Giusy, parlaci di te, della tua formazione e delle tue esperienze professionali.

Mi è sempre piaciuto lavorare con materiali diversi. Sento di saper fare molte cose e allo stesso tempo di non saper fare nulla. Inizio quindi a scoprire le possibilità di un linguaggio e penso già a come integrarlo con altri mezzi che possono sembrare completamente diversi. Questo atteggiamento apparentemente dispersivo, mi da una certa libertà di sperimentare e allo stesso tempo di allargare la mia ricerca non costringendola all’interno di strutture predefinite. La mia formazione è stata quindi sempre soggetta a questa attitudine. Perciò ho cercato di stare in contesti formativi e lavorativi dove ci fosse la possibilità di “fare” usando attrezzature, studi e laboratori diversi che più si adattassero ai bisogni del mio lavoro. Al Central Saint Martin College ho lavorato molto con la pellicola e le diapositive sia in 35mm che in medio formato. Ho avuto la possibilità di stampare e sviluppare film 16mm per uno dei miei primi lavori realizzati con metodi di stampa e sviluppo completamente DIY (Enlighten). In seguito, durante una residenza nel Dipartimento Film e Video del Campus ho potuto usare la Rostrum Camera e i metodi di animazione e titolazione filmica per la realizzazione del film Vanishing Point.

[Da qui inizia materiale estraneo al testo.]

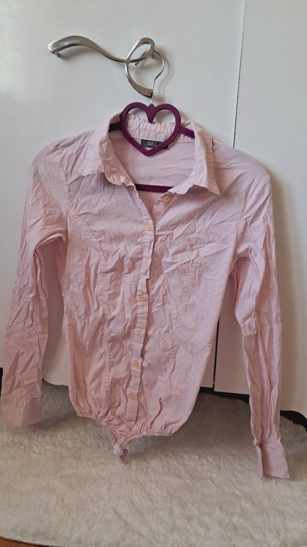 Pembe keten kumaştan, uzun kollu, düğmeli, yakalı ve normal uzunlukta, trend sokak stili için uygun, şık bir gömlek.
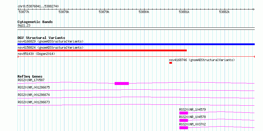 Variant DetailsVariant: nsv951430| Internal ID | 16953617 | | Landmark | | | Location Information | | | Cytoband | 8q11.23 | | Allele length | | Assembly | Allele length | | hg38 | 5900 | | hg19 | 5900 |
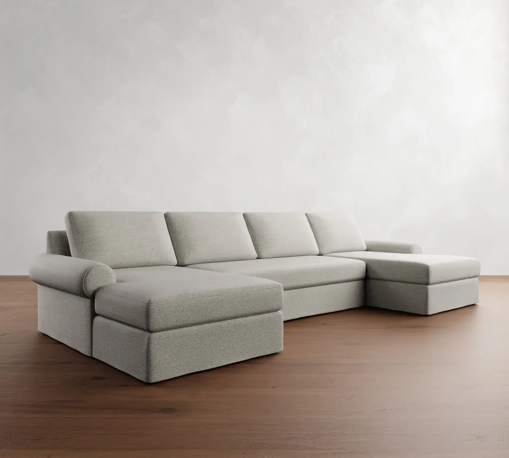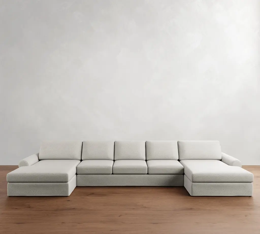 Big Sur Roll Arm Slipcovered Double Chaise Sectional (145"–198")
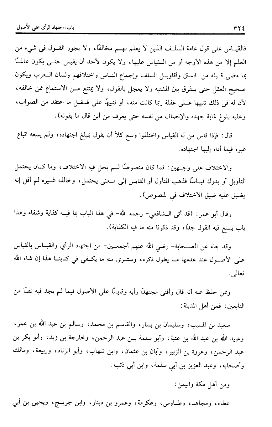 فالقياس على قول عامة السلف الذين لا يعلم لهم مخالفا، ولا يجوز القول في شيء من العلم إلا من هذه الأوجه أو من القياس عليها، ولا يكون لأحد أن يقيس حتى يكون عالما بما مضى قبله من السنن وأقاويل السلف وإجماع الناس واختلافهم ولسان العرب ويكون صحيح العقل حتى يفرق بين المشتبه ولا يعجل بالقول، ولا يمتنع من الاستماع ممن خالفه، لأن له في ذلك تنبيها على غفلة ربما كانت منه، أو تنبيها على فضل ما اعتقد من الصواب، وعليه بلوغ غاية جهده والإنصاف من نفسه حتى يعرف من أين قال ما يقوله).

Durante il programma di dottorato pratico-teorico all’UCA, University for the Creative Arts, ho continuato a lavorare in analogico ma concentrandomi maggiormente sui colori, le illusioni ottiche e la componente scultorea che si trasforma sotto la luce o il movimento della camera. Ho lavorato in studio di registrazione costruendo dei set per la realizzazione di brevi film che sono poi divenuti parte d’installazioni come RGB, The qualità of Scale e Between the Glimpse and the Gaze. Sempre all’UCA mi sono specializzata nello sviluppo e la stampa di fotografia a colori lavorando in camera oscura e sperimentando sull’alterazione di dominanti cromatiche specifiche. Mi sono inoltre cimentata fabbro ed elettricista per la realizzazione di lavori come Lightsign Rainbow, e più recentemente ceramista.

 

La tua ricerca è incentrata sulle potenzialità espressive della luce. Per fare ciò crei delle installazioni in cui metti in contatto/relazione la luce (video, fotografie, sorgenti varie) con sculture, carta da parati, ambienti in generale. Spiegaci meglio, mediante lavori che hai realizzato, il tuo studio e le considerazioni cui sei giunta

Ho avuto sempre un’attrazione verso le macchine, l’attrezzatura e i componenti meccanici che stanno dietro la messa in scena sia teatrale che cinematografica. Perciò in maniera quasi ossessiva ho smontato, rimontato, assemblato o anche solo accumulato ed osservato pezzi di proiettori super 8 e di diapositive, proiettori mini LED digitali, visualizzatori, lenti, diapositive stesse, pellicola, lampade, circuiti, sensori di movimento. Attraverso l’uso di mezzi analogici, ho focalizzato la mia attenzione più sul processo di realizzazione che sul prodotto finale, o diciamo che il processo di realizzazione ha sempre influenzato molto il prodotto finale indipendentemente dal mezzo usato.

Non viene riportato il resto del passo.